We’ll start with a hot take - developer productivity should not be the ultimate goal of AI code assistants. Yes, it is how AI code assistants are framed today, and yes, it is a measurable and real benefit, but a narrow focus on “developer productivity” suggests that tools like Codeium can only make existing work go faster. In reality, we believe AI has the potential to help make possible what was previously unachievable. Dream bigger, that’s been our mission.
However, dreaming bigger may not happen within the constraints of the tools and processes built for a world without AI. As the frontier of AI capability charges forwards, developers will need a new set of tools that can unleash innovation.

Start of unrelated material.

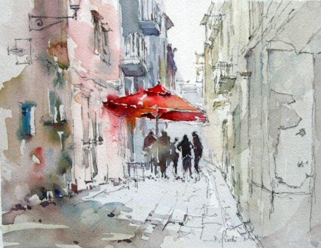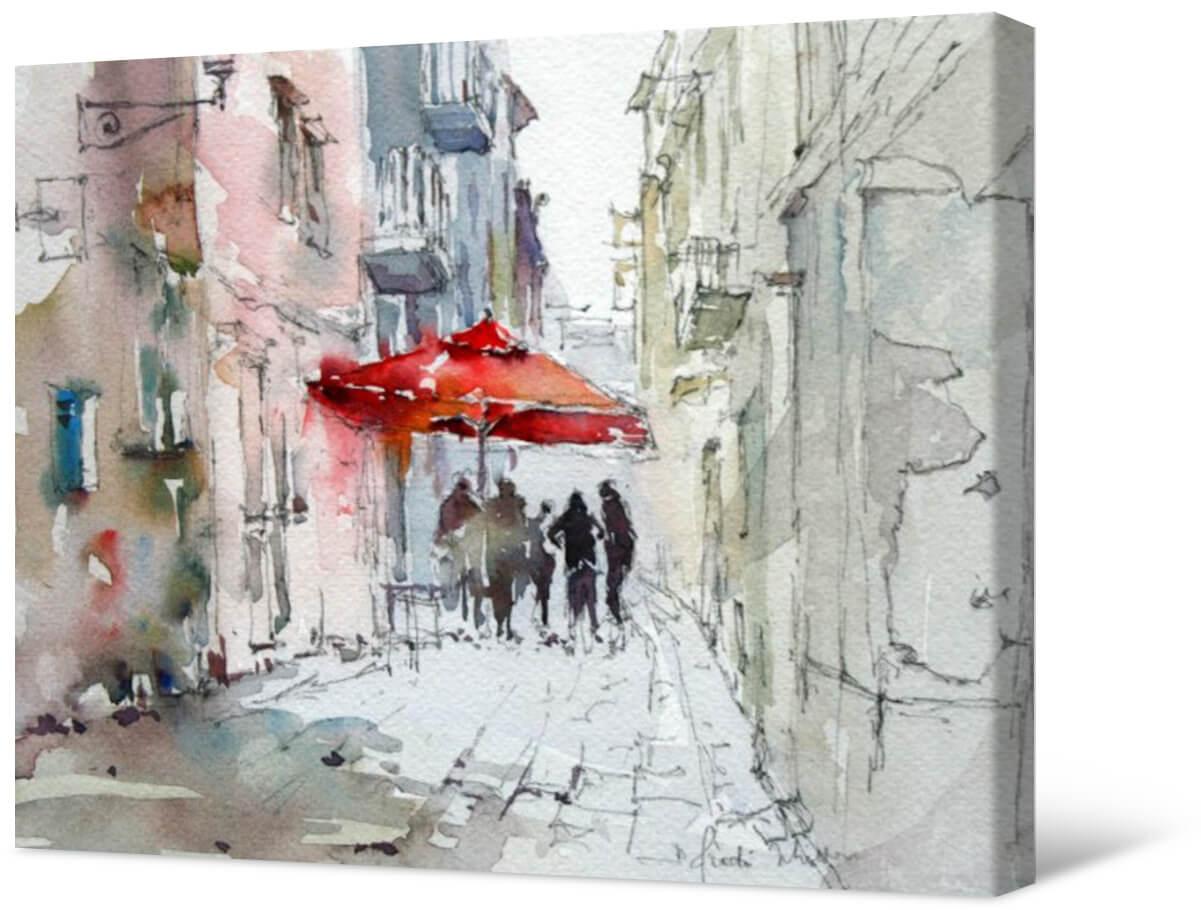 Fotografia na płótnie Czerwony parasol. Szara wąska uliczka z jasnym akcentem w postaci czerwonego parasola rozcieńczy wnętrze jasnością.

That’s where the Windsurf Editor comes in.
The Story Pre-Windsurf
Many people today know us as a company that has built AI-powered extensions into existing IDEs. If dreaming bigger and removing constraints were always the goals, why did we build extensions?
Well, simply put, extensions were enough to expose the frontier of what AI was capable of doing. As a company, we are no strangers to diving into new technical challenges when the need is clear. We used to be an ML infrastructure company before Codeium, but we extended the infrastructure to a fully vertical application when it was clear that we could drive outcomes from AI even further if we delivered the end application ourselves. Our first versions of autocomplete used off-the-shelf models, but we shifted to training our own proprietary LLMs for the task when it was clear that tasks like fill-in-the-middle and context-aware pretraining would be key to expose the best quality results.
In contrast, we did not feel that the IDE needed to be reinvented to give a fantastic user experience.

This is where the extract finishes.